Available data -
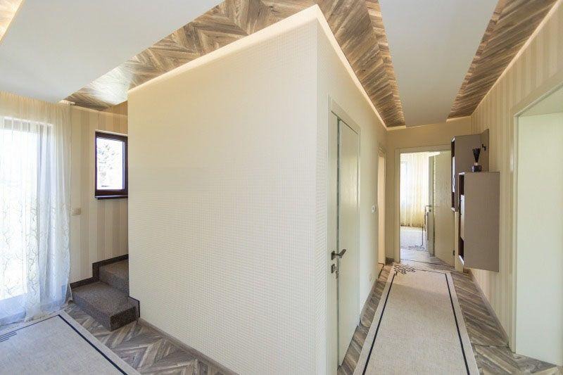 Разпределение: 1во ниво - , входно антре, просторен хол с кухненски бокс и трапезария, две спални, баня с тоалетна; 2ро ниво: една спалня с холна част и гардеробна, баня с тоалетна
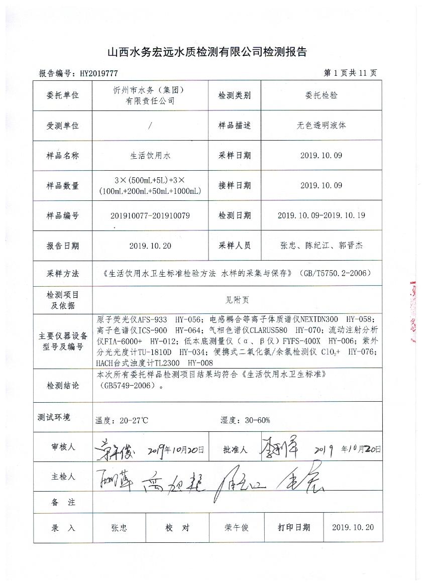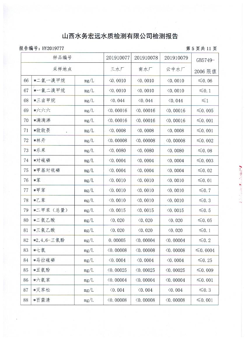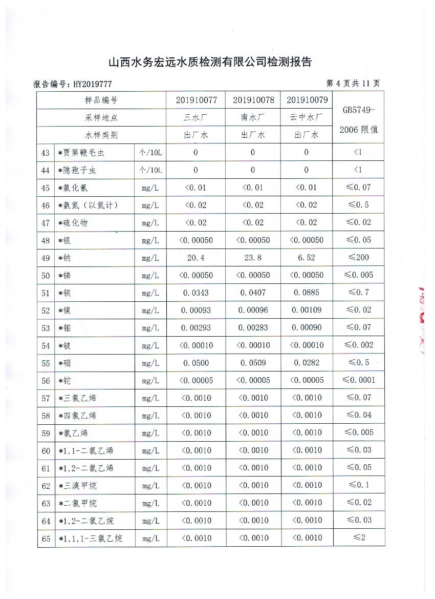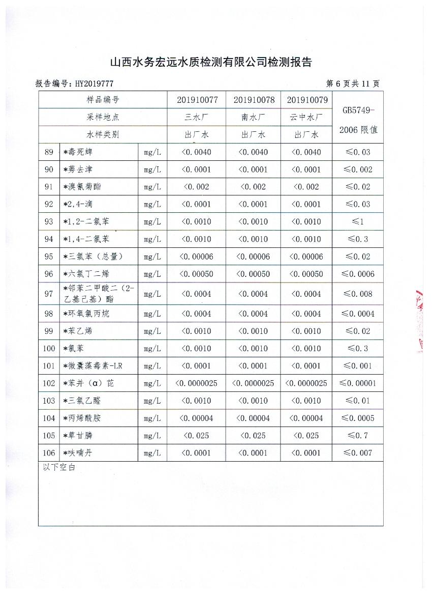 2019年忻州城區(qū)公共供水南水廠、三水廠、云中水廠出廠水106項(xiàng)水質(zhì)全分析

--

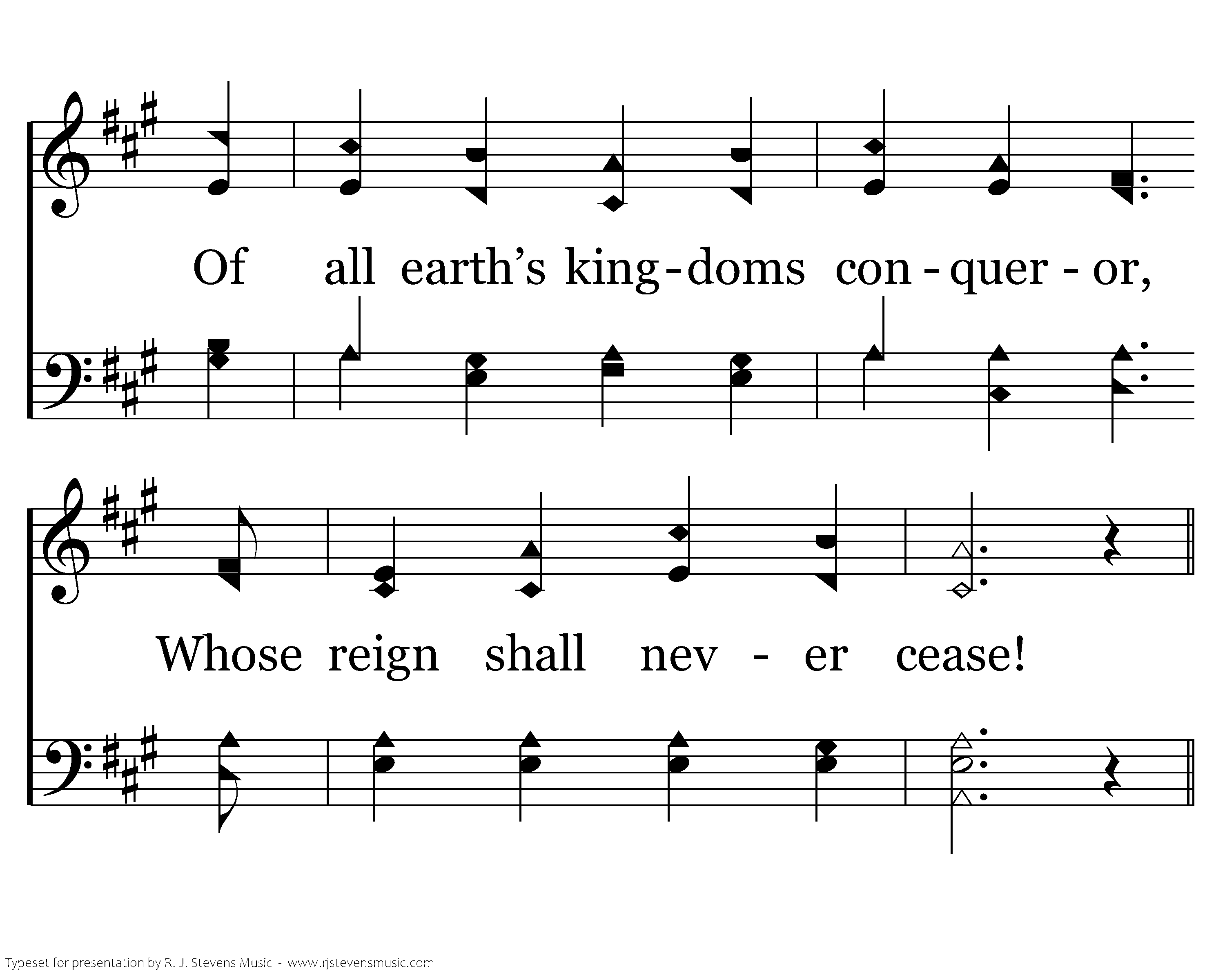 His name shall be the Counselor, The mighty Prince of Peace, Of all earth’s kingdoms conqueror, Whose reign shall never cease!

...

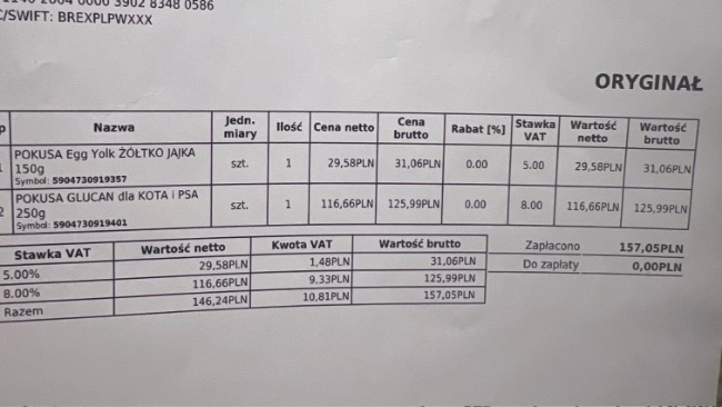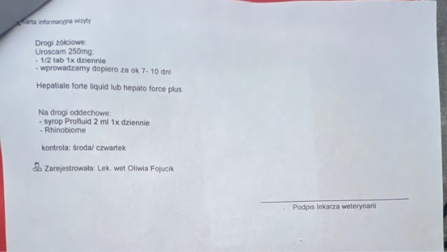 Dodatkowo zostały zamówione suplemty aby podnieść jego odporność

Work instructions - The reply should hold the entries above from the line with "Разпределение: 1во ниво" to the line with "2019年忻州城區(qū)公", duplicated exactly, pictures excluded.

Exercise output -
 Разпределение: 1во ниво - , входно антре, просторен хол с кухненски бокс и трапезария, две спални, баня с тоалетна; 2ро ниво: една спалня с холна част и гардеробна, баня с тоалетна
 2019年忻州城區(qū)公共供水南水廠、三水廠、云中水廠出廠水106項(xiàng)水質(zhì)全分析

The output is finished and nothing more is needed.